We are obligated to verify the eligibility of our Third Parties for their participation in the Medi-Cal Program. In accordance with state and federal regulations, our PIU team assesses eligibility no less than monthly. This is performed with a ThirdParty vendor that checks an inventory of our providers against several sources (e.g. List of Suspended and Ineligible Providers, U.S. Department of Health and Human Services, Office of Inspector General, System of Award Management, SSA Death Master file, and more). In addition to the monthly monitoring, exclusion checks are completed throughout the month ahead of a new Letter of Agreement 1 (LOA) being established with an out of network provider.

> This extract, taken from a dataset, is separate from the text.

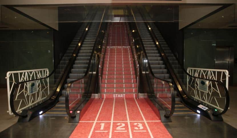 حوّلت المجموعة الثانية السلالم إلى لعبة بتصميمه ليشبه مسار الركض ووضعت علامات تحفيزية على الصفوف المؤدية إلى السلالم، وهو ما زاد من معدل استخدام السلالم العادية في الساعة بنسبة 189%.

PIU received 85 requests during this reporting period. Zero (0) restrictions were found. 1Compliance -
Audit & Oversight (A&O)
Risk Assessment Purpose
Imagine buying a used car. You want to know all you can about it – will it pass emissions? Has it been in an accident? Has regular maintenance been performed? Do all the functions work as they should? You want to check those things out as thoroughly as possible BEFORE making your purchase. And then, once you have the car, you want to make sure it stays in top working condition, so you perform regular checks (fluid levels, tire pressures) and make sure to go in for a check-up if something goes wrong (like the engine light coming on).
The concept of car buying, and maintenance is a useful comparison to Compliance Risk Assessments. A Risk Assessment may be conducted prior to engaging with a Third-Party entity (an example of “inherent risk”), on a regular basis once they are engaged, or when an event occurs with them or with internal operations that requires additional attention (this event-based scenario is known as “incident risk”).
To perform a Risk Assessment, the Compliance Division reviews a variety of documentation for the entity or area being assessed. This documentation may include contracts, policies, incident reports (e.g., compliance reports, investigation outcomes, audit and monitoring results, operational performance reports). Compliance compares this documentation to regulatory requirements, HPSJ standards, and other pertinent guidelines (for example, National Committee for Quality Assurance (NCQA) accreditation standards) to evaluate potential risks and ensure alignment with the regulations and guidelines.
Once these initial reviews are complete, the entity or area is assigned a risk level (High, Moderate, Low). These risk level assignments then result in an outline of all evaluations based on risk level: also known as the Risk Matrix.